* Problem statement *
Once you find the line below that contains "我院師(shī)生在現場工作", write it out along with every later line exactly as given, stopping only when the records end. Omit the pictures.

[Items from a data source]

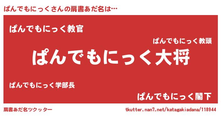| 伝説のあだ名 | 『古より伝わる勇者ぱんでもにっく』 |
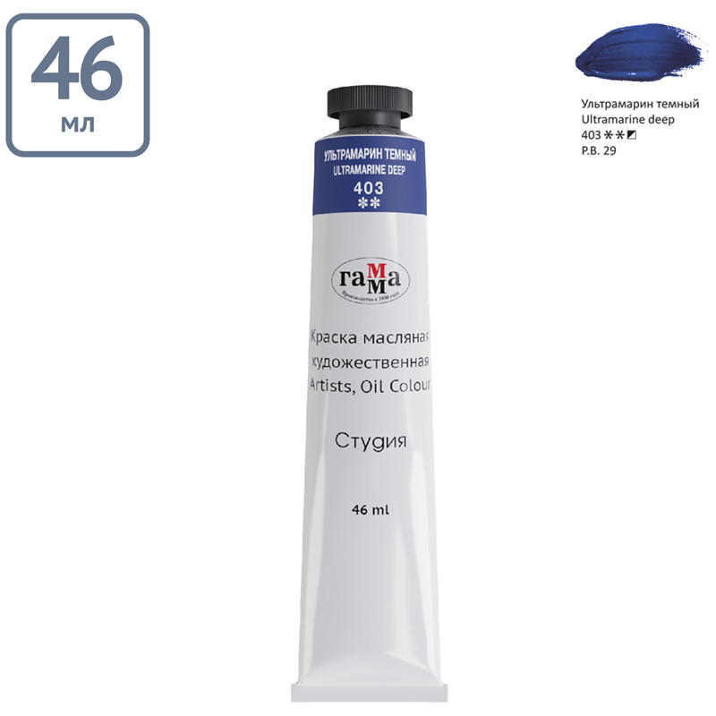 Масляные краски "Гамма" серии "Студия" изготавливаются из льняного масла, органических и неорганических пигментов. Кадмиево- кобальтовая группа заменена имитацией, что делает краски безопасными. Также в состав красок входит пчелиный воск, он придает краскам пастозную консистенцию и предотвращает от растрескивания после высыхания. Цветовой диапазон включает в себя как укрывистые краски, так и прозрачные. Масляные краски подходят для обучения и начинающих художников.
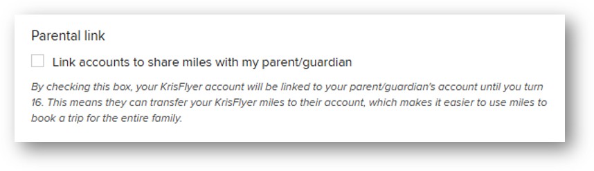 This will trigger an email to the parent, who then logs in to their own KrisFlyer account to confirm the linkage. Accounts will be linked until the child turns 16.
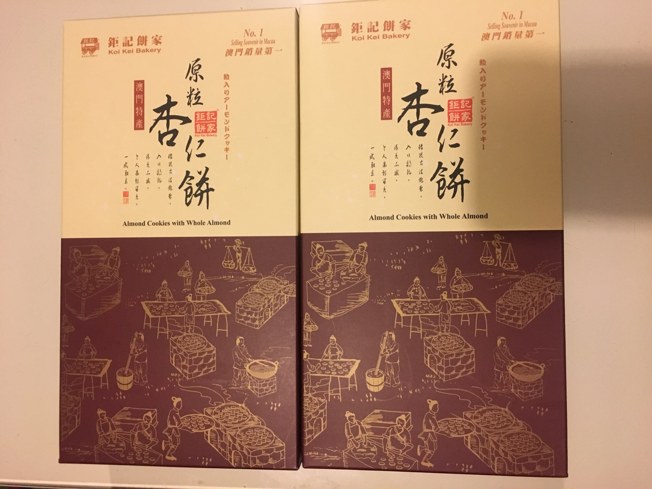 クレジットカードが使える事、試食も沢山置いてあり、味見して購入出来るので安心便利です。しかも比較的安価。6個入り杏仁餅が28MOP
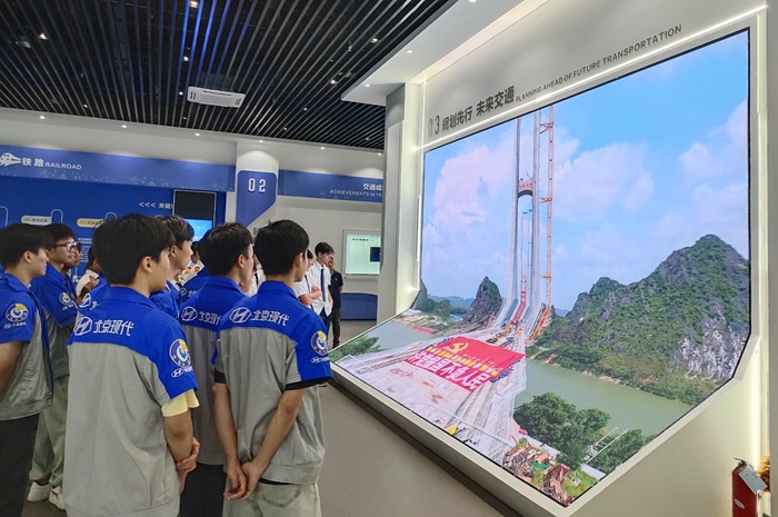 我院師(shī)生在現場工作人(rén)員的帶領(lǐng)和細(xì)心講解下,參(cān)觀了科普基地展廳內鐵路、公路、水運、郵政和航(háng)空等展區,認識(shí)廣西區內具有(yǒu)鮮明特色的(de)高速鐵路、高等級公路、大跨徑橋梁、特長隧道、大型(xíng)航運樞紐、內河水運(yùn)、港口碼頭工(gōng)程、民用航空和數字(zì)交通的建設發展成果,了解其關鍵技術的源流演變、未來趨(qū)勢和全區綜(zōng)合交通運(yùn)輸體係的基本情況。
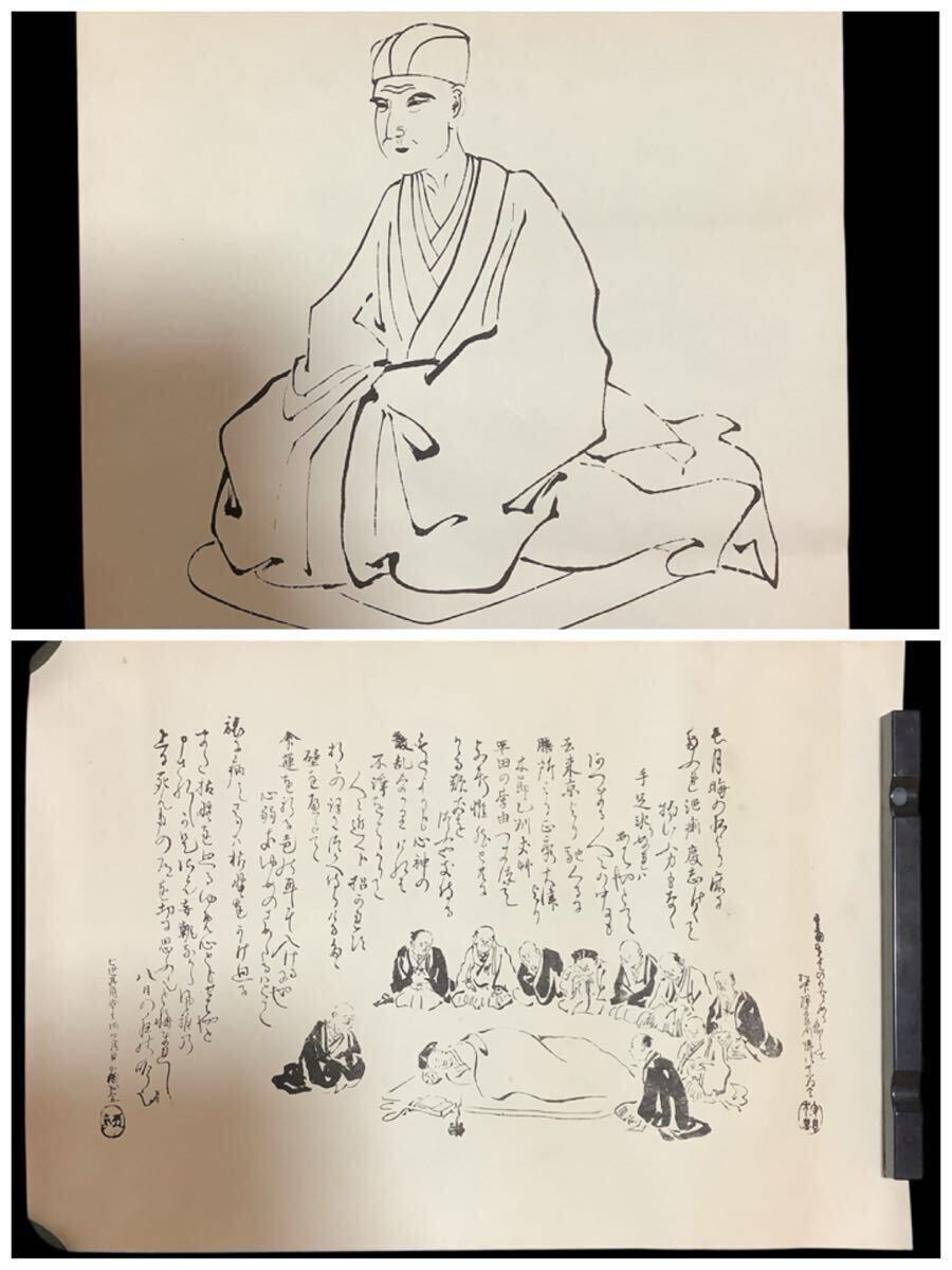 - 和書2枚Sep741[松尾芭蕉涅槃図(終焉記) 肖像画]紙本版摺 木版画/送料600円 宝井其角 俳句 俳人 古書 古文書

* Task output *
 我院師(shī)生在現場工作人(rén)員的帶領(lǐng)和細(xì)心講解下,參(cān)觀了科普基地展廳內鐵路、公路、水運、郵政和航(háng)空等展區,認識(shí)廣西區內具有(yǒu)鮮明特色的(de)高速鐵路、高等級公路、大跨徑橋梁、特長隧道、大型(xíng)航運樞紐、內河水運(yùn)、港口碼頭工(gōng)程、民用航空和數字(zì)交通的建設發展成果,了解其關鍵技術的源流演變、未來趨(qū)勢和全區綜(zōng)合交通運(yùn)輸體係的基本情況。
 - 和書2枚Sep741[松尾芭蕉涅槃図(終焉記) 肖像画]紙本版摺 木版画/送料600円 宝井其角 俳句 俳人 古書 古文書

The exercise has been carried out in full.